Here's an example; in this case, I've added an element named <MARKUP> to a document, and this element itself contains markup that I want to preserve as character data (so that it can be printed out, for example). To make sure that the markup inside this element is preserved as text, I enclose it in a CDATA section like this:

<?xml version = "1.0" standalone="yes"?> <DOCUMENT>     <MARKUP>     <![CDATA         <CUSTOMER>             <NAME>                 <LAST_NAME>Smith</LAST_NAME>                 <FIRST_NAME>Sam</FIRST_NAME>             </NAME>            <DATE>October 15, 2001</DATE>            <ORDERS>                 <ITEM>                     <PRODUCT>Tomatoes</PRODUCT>                     <NUMBER>8</NUMBER>                     <PRICE>$1.25</PRICE>                 </ITEM>                 <ITEM>                     <PRODUCT>Oranges</PRODUCT>                     <NUMBER>24</NUMBER>                     <PRICE>$4.98</PRICE>                 </ITEM>             </ORDERS>         </CUSTOMER>     ]]>     </MARKUP> </DOCUMENT>

As you can see, CDATA sections are powerful because they enable you to embed character data directly in XML documents without having it parsed. (Normally, character data in XML documents is parsed by the XML processor and becomes parsed character data.)
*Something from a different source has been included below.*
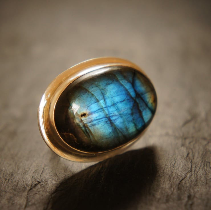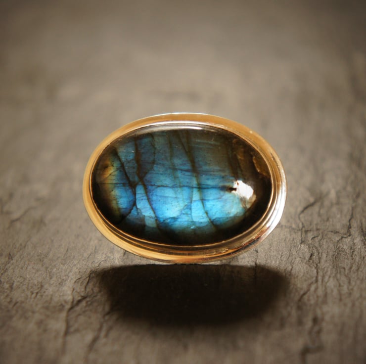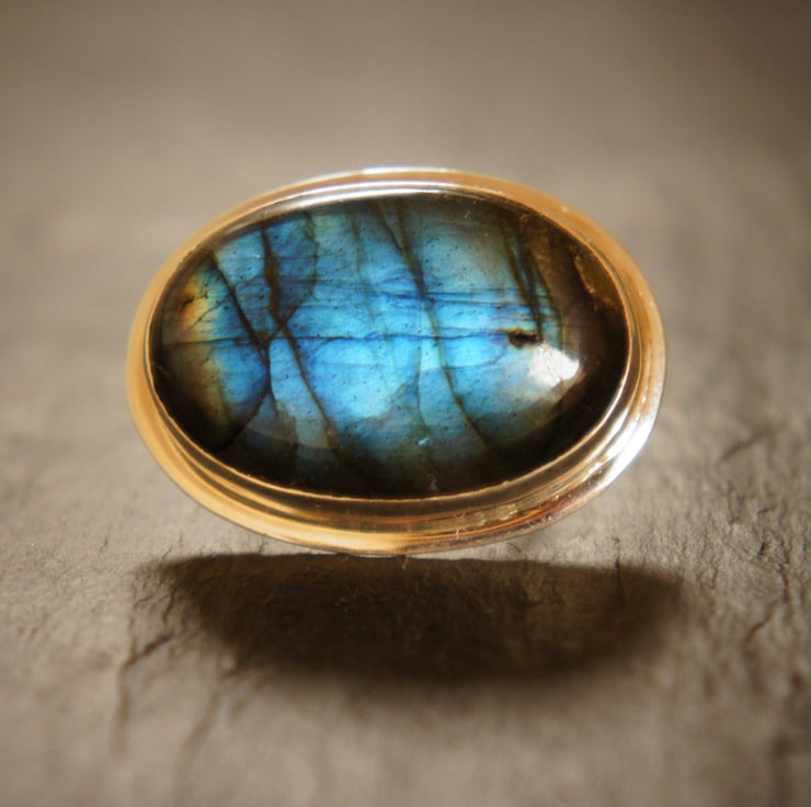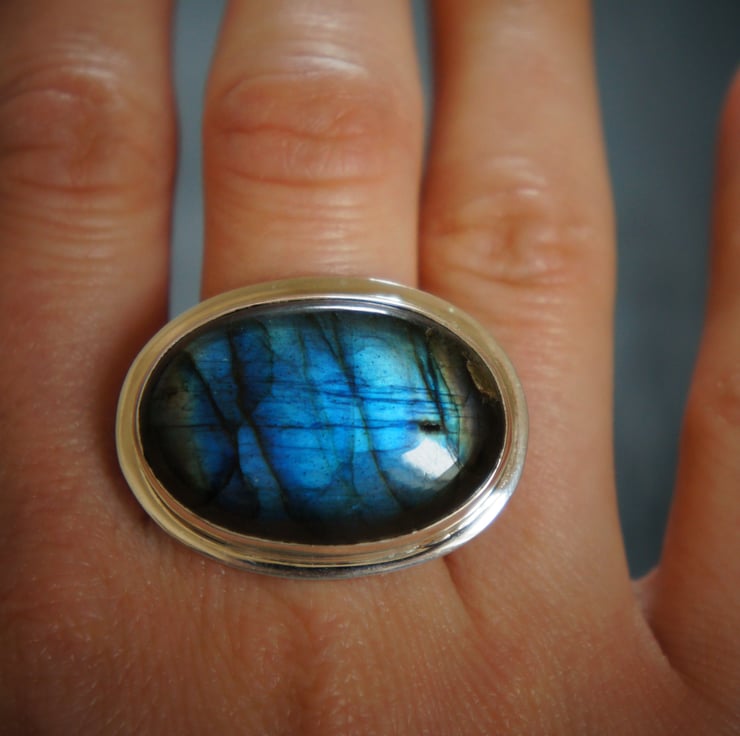 A Labradorite oval shape, sterling silver ring.
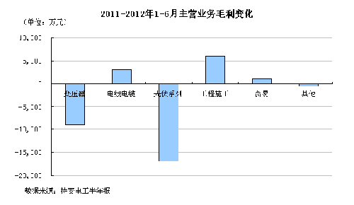 圖1 2011-2012年1-6月主營業(yè)務(wù)毛利變化

Here's another example. In this case, I'm adapting the JavaScript example in the previous section to show how the W3C wants to handle script code in XHTML pages by placing that code in a CDATA section:

<?xml version="1.0"?> <!DOCTYPE html PUBLIC "-//W3C//DTD XHTML 1.0 Transitional//EN" "http://www.w3.org/tr/xhtml1/DTD/xhtml1-transitional.dtd"> <html xmlns="http://www.w3.org/1999/xhtml" xml:lang="en" lang="en">     <head>         <title>             Using The if Statement In JavaScript         </title>     </head>     <body>         <script language="javascript">             <![CDATA                 var budget                 budget = 234.77                 if (budget < 0) {                     document.writeln("Uh oh.")                 }             ]]>         </script>         <center>             <h1>                 Using The if Statement In JavaScript             </h1>         </center>     </body> </html>

Unfortunately, as mentioned in the previous section, the idea of a CDATA section, especially one that starts with the expression <![CDATA and ends with the expression ]]>, confuses the current versions of the major browsers. When those browsers are configured to handle XHTML, this situation will improve.

XML Namespaces

There's considerable freedom in XML because you can define your own tags. However, as more XML applications came to be developed, a problem arose that had been unforeseen by the creators of the original XML specification: tag name conflicts.

As we saw in Chapter 1, two popular XML applications are XHTML that is, HTML 4.0 as written in XML and MathML, which lets you display equations. XHTML is useful because it lets you handle all the standard HTML 4.0 tags; if you need to display equations, MathML can be essential. So what if you want to use MathML inside an XHTML Web page? That's a problem because the tags defined in XHTML and MathML overlap (specifically, each application defines a <var> and a <select> element).

The solution is to use namespaces. Namespaces enable you to make sure that one set of tags cannot conflict with another. Namespaces work by letting you prepend a name followed by a colon to tag and attribute names, changing those names so that they don't conflict.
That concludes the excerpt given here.